Exercise brief: Could you write out, exactly and with no pictures, every line from the one containing "de Madame Monique CHARGÉ née MARTIN" through the last line of the entries?

——

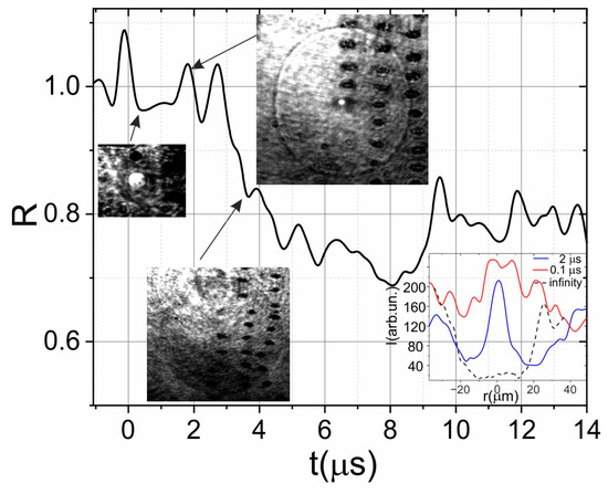 The optical diagnostics could reveal the first stages of the laser ablation of Si. The magnified image of the surface reveals distinct phenomena occurring after laser impact in a timescale of approximately 100 ns. The combination of time-resolved microscopy and time-resolved reflectance provides an opportunity to reveal the evolution of the laser’s impact on the material. Prior to the formation of a micromodification, a darkened region emerges, leading to a rapid decrease in reflection. This is indicated by the inset in Figure 2. Subsequently, a shock wave is generated, accompanied by the formation of a micromodification. Initially, the size of the micromodification is larger than its residual size, but the reflection coefficient is higher, as shown by the modification profiles in the inset of Figure 2. The size of the residual micromodification stabilizes at around 1 μs, as evidenced by the transverse profile of the resulting micromodification. Plasma luminescence in the center of the profile appears as a bright dot. Increasing the delay between the pump and probe pulses leads to a decrease in the albedo of the affected area until it reaches saturation. Additionally, the region where the albedo change is observed decreases for longer time delays (see Figure 2). Laser ablation induces high pressures and temperatures, resulting in the generation of a shock wave [26]. The laser-induced shock wave propagates from the impact area at a velocity of approximately 15 km/s, leaving the spatial overlap region between the laser and X-ray beams in approximately 4 μs. Notably, behind the shock wave front, the presence of dark regions, indicating a change in albedo, is observed. The change in the albedo could serve as an indicator of phase transitions.
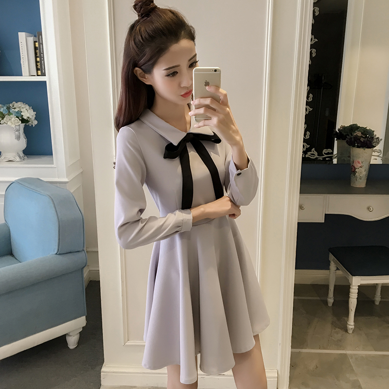 / 早春新款復古赫本小黑裙顯瘦高腰長袖連衣裙秋冬女蓬蓬打底裙
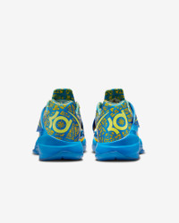 The KD 4 brings a lightweight, low-profile build made of smooth synthetic leather and airy textiles. Its signature wrap-around strap adds containment while forefoot Air Zoom cushioning provides speed, control and bounce. Benefits - Synthetic leather and textile upper is breathable and durable. - Hook-and-loop strap wraps around the midfoot for containment. - Snappy and responsive, Air Zoom cushioning helps provide a quick-off-the-ground sensation. - Rubber outsole gives you excellent grip. Product Details - Shown: Photo Blue/Tour Yellow/Lemon Twist - Style: FZ5916-400
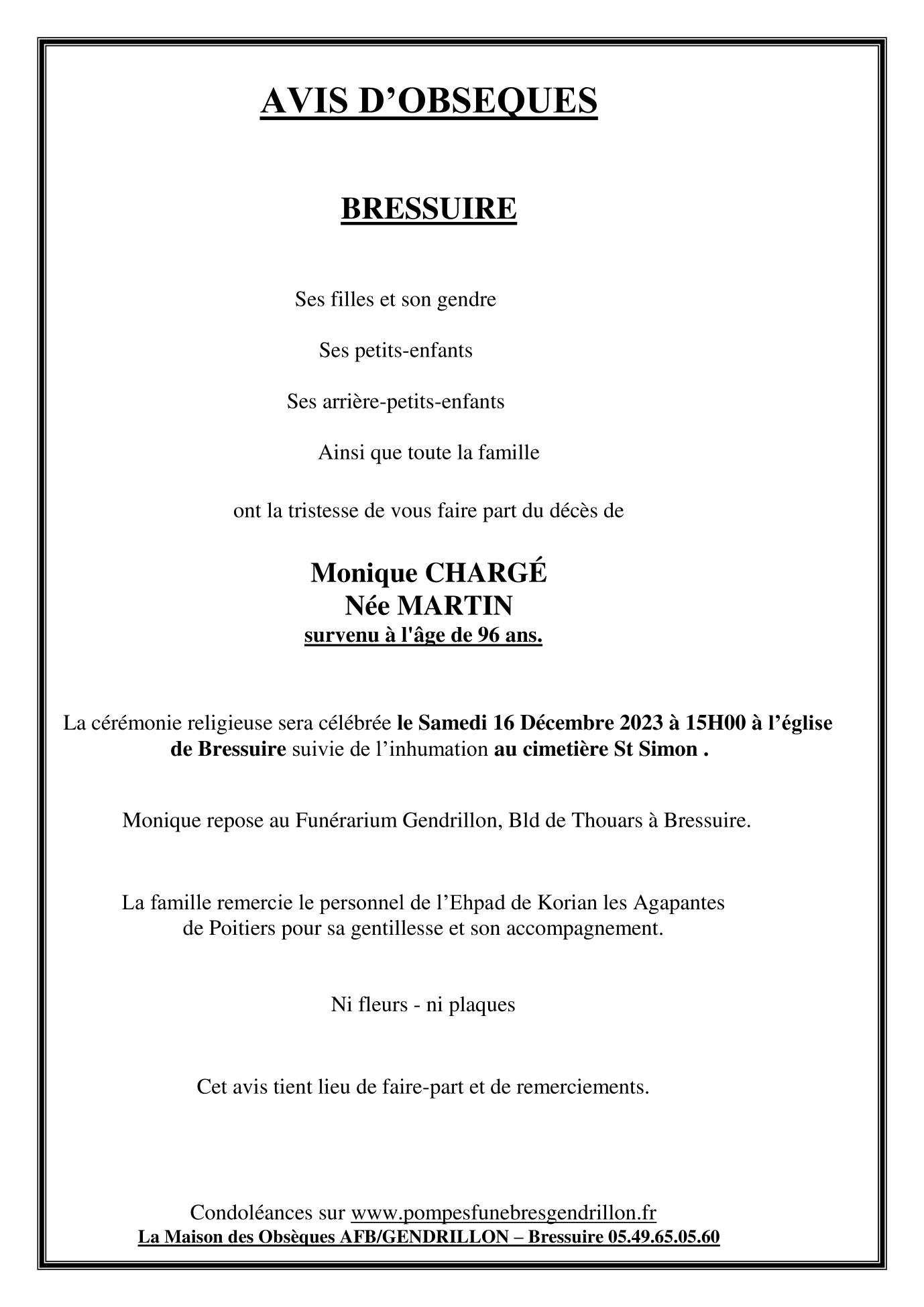 de Madame Monique CHARGÉ née MARTIN
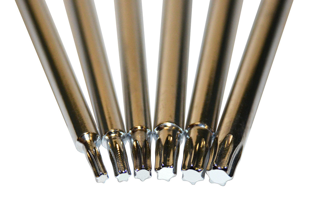 Eje largo para zonas de difícil acceso | Hecho de acero S-2 para mayor resistencia | 15-3/4 pulgadas de largo | También disponible en versión a prueba de manipulaciones (No917) | El juego incluye: T-10, T-15, T-20, T-25, T-27 y T-30. El juego de destornilladores Torx extralargos Cal-Van Tools tiene un eje largo para áreas de difícil acceso. Está hecho de acero S-2 para mayor resistencia. Tiene una longitud de 15-3/4 pulgadas. También está disponible en versión a prueba de manipulaciones (n° 917). El conjunto incluye: T-10, T-15, T-20, T-25, T-27 y T-30.
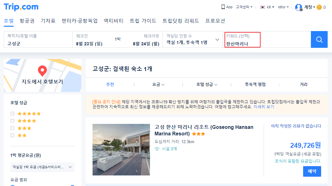 트립닷컴사이트에서 한산마리나를 검색하시면
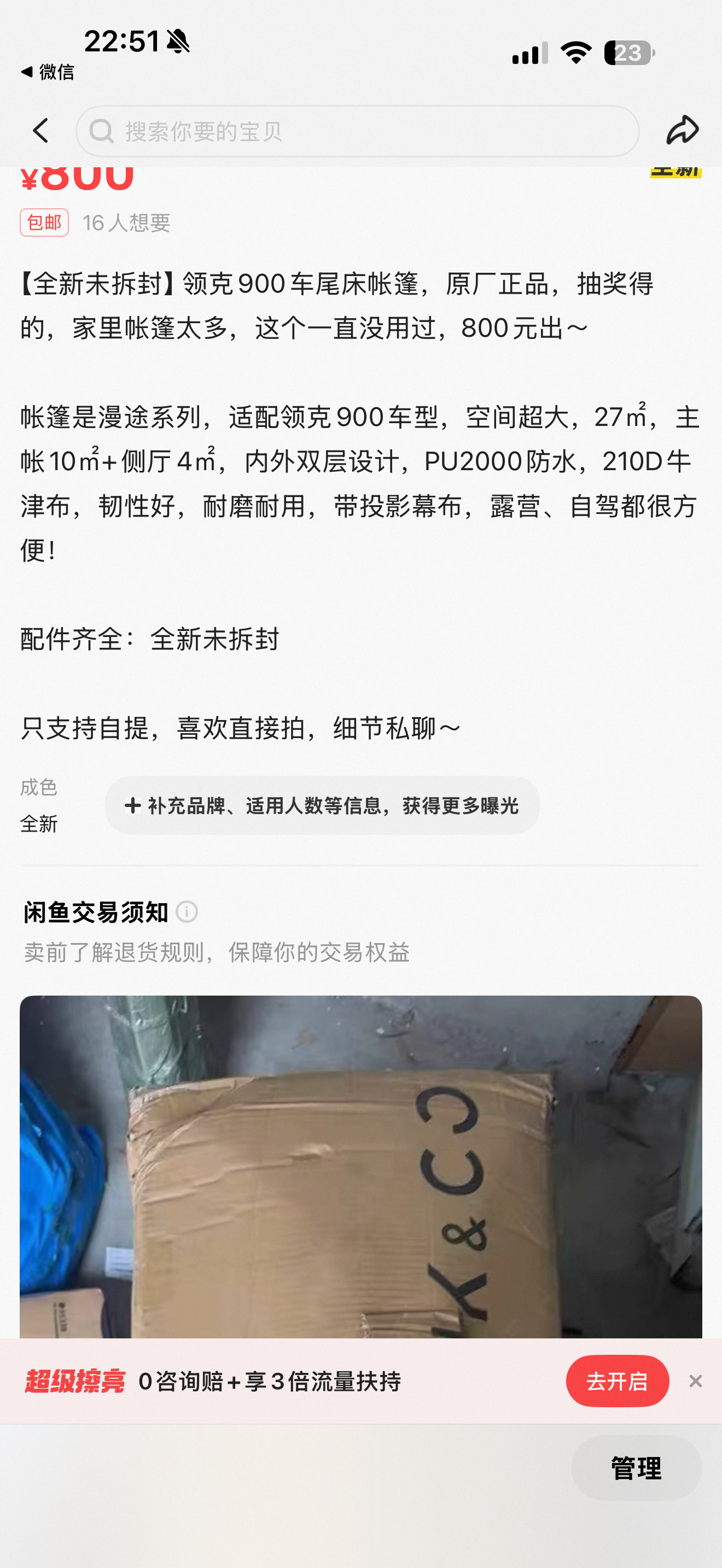 我之前抽奖中的领克900车尾帐,之前咸鱼卖给这人,他说老婆不允许,没买最后,退了。今天老婆不在,他要趁着这个月黑风高的夜晚砍价私房钱把这个买了

——

Exercise result:
 de Madame Monique CHARGÉ née MARTIN
 Eje largo para zonas de difícil acceso | Hecho de acero S-2 para mayor resistencia | 15-3/4 pulgadas de largo | También disponible en versión a prueba de manipulaciones (No917) | El juego incluye: T-10, T-15, T-20, T-25, T-27 y T-30. El juego de destornilladores Torx extralargos Cal-Van Tools tiene un eje largo para áreas de difícil acceso. Está hecho de acero S-2 para mayor resistencia. Tiene una longitud de 15-3/4 pulgadas. También está disponible en versión a prueba de manipulaciones (n° 917). El conjunto incluye: T-10, T-15, T-20, T-25, T-27 y T-30.
 트립닷컴사이트에서 한산마리나를 검색하시면
 我之前抽奖中的领克900车尾帐,之前咸鱼卖给这人,他说老婆不允许,没买最后,退了。今天老婆不在,他要趁着这个月黑风高的夜晚砍价私房钱把这个买了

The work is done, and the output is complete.